El-Rufai was brought before Justice Joyce Abdulmalik and faced a five-count amended charge. When the charges were read to him, he pleaded not guilty to all counts.

At the hearing, counsel to the DSS, Oluwole Aladedoye (SAN), informed the court that the matter was scheduled for the defendant to take his plea. He also revealed that the prosecution had filed a new amended five-count charge on April 13, asking the court to replace the earlier three-count charge.

The defence counsel, Oluwole Iyamu (SAN), confirmed receipt of the amended charge and raised no objection. The court subsequently struck out the initial three-count charge.
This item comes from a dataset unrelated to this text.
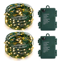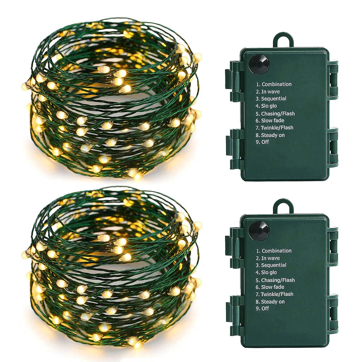 MASHANG 18FT Battery Operated String Lights - 50 Warm White Micro LEDs with Dark Green Copper Wire for Christmas, Wedding, DIY (2 Pack)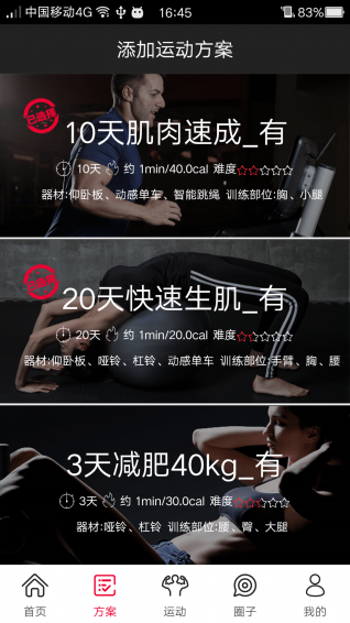4、“运动”界面区分“运动设备”和“运动方案”;

Following El-Rufai’s plea, the prosecution requested three consecutive days to begin trial. However, the defence objected, citing logistical challenges. Iyamu told the court that his client was currently in the custody of the Independent Corrupt Practices and Other Related Offences Commission (ICPC), which could make access to him difficult during the proposed trial period.

The defence also drew attention to a bail application filed on February 17. Although a supporting affidavit was initially missing from the court file, the issue was resolved after the matter was briefly stood down. The DSS stated it did not oppose the bail request.

Meanwhile, the prosecution applied for an order to protect the identities of two witnesses expected to testify. It requested that their names be concealed in public records and that pseudonyms be used during proceedings, citing security concerns and the potential risk to the witnesses’ families.

The defence opposed the request, arguing that it is the constitutional right of an accused person to know the identity of their accusers. Iyamu maintained that there was no evidence suggesting that El-Rufai posed any threat or had a following capable of endangering witnesses. He warned that granting anonymity could unfairly prejudice the defendant.

In addition, the defence asked the court to compel the prosecution to provide all relevant evidence needed to prepare for trial. The prosecution opposed this request, arguing that the documents sought were not part of the materials filed before the court.

The defence also informed the court of a separate application to quash the charges. Legal arguments followed, with the prosecution contending that such an application cannot be filed after a plea has already been taken. The defence responded on points of law.

Justice Abdulmalik is expected to rule on the various applications and adjourn the case for further proceedings.